Former prosecutor Myeong-woon Kim adds that past cases — like the $1.4 trillion Haru Invest freeze or massive price manipulation scandals — exposed gaps in existing laws. The new act fills those voids by creating clear legal accountability for fraudulent behavior in virtual asset transactions.
He concludes:
“Some say banning market-making or mandating real-time reporting will shrink trading activity. But fairness and transparency will ultimately make the ecosystem more resilient — and more vibrant.”
Frequently Asked Questions (FAQ)
Q: Will hundreds of tokens be delisted in July?
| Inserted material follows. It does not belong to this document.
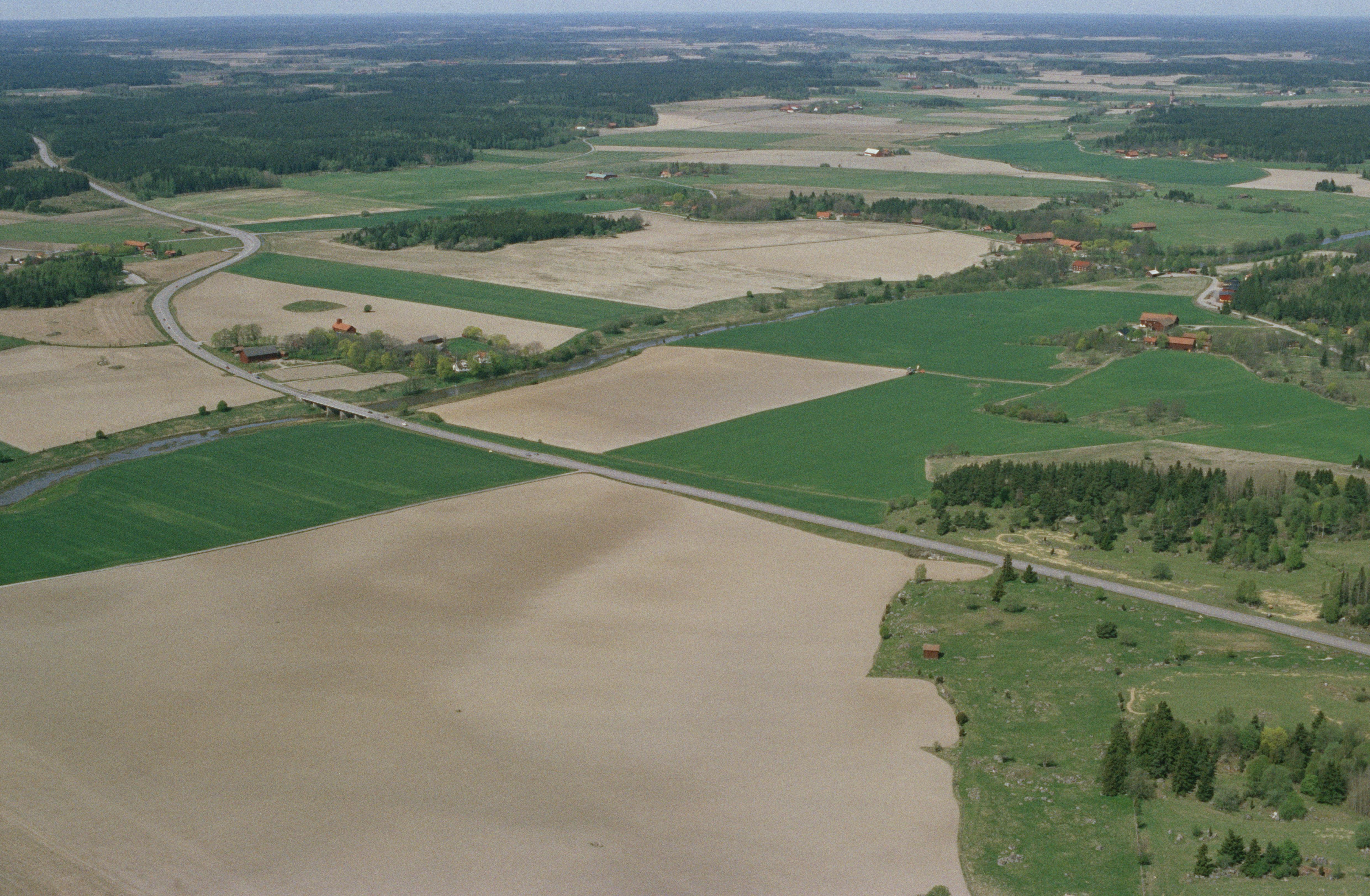 Beskrivning: Sagån markerar gränsen mellan Tillinge socken i landskapet Uppland i riksintresset U28 (i bildens nedre del) och Björksta socken i landskapet Västmanland i riksintresset C55 (i bildens övre del). Nere till höger Stensborg och gravfält med hällristningar RAÄnr Tillinge 2:1-2, 187:1 m.fl. Över bildens mitt Östanbro med Kung Östens hög RAÄnr Björksta 106:1 i Björksta socken, Västmanland. Bilden är tagen mot (väderstreck): NV
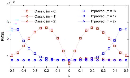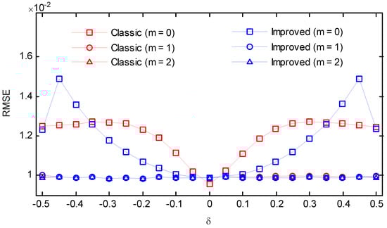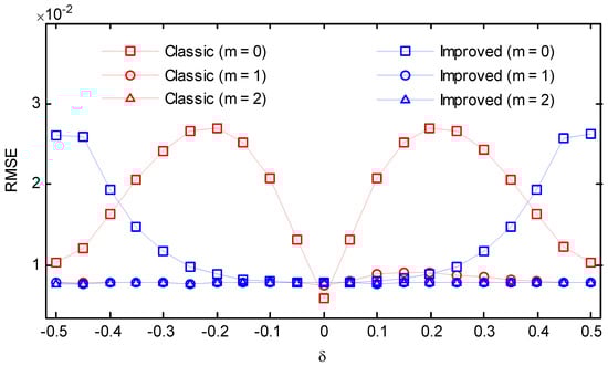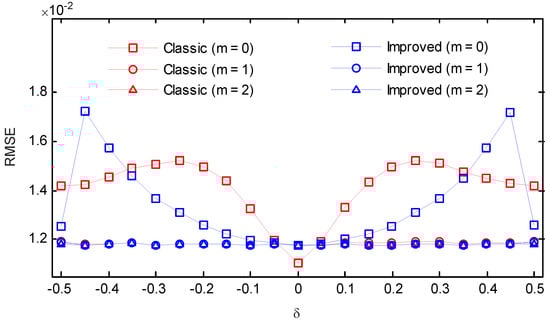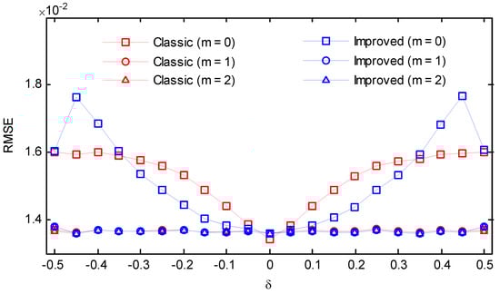 RMSEs of the classic and the improved secant method (SNR = 10 dB, Kaiser–Bessel window, ).

A: No evidence supports mass delistings. While DAXA is reviewing 1,333 assets over six months, changes will be gradual. Major exchanges have already aligned with key criteria.
Q: Does the new law ban all market-making activities?
A: It restricts unfair market-making practices that manipulate prices or mislead investors. Legitimate liquidity provision remains permissible under strict oversight.
Q: How does cold wallet storage protect me?
A: Cold wallets are offline and immune to remote hacks. Requiring 80% of funds to be stored this way drastically reduces risk of large-scale theft.
Q: What happens if my exchange goes bankrupt?
A: Banks acting as deposit managers will publish payout details publicly. Users can claim funds directly after verification — no need to wait for court proceedings.
Q: Are foreign tokens safe from delisting?
A: Tokens listed on IOSCO-recognized exchanges for over two years may benefit from relaxed review processes under DAXA’s alternative framework.
Q: Is South Korea becoming more crypto-friendly?
A: Yes — through structured regulation. By prioritizing user protection and market fairness, Korea aims to build a trusted environment that attracts both retail and institutional capital.
Final Thoughts: A New Era of Trust
The rollout of South Korea’s Virtual Asset User Protection Act marks a turning point — not an endpoint. While rumors caused short-term volatility, the reality is a carefully orchestrated transition toward accountability and transparency.
For users, this means greater security and recourse. For exchanges, it demands higher operational standards. And for innovators, it offers a clearer path to legitimacy.
As global regulators watch closely, South Korea may soon serve as a model for balancing innovation with investor safety — proving that strong rules don’t kill markets; they strengthen them.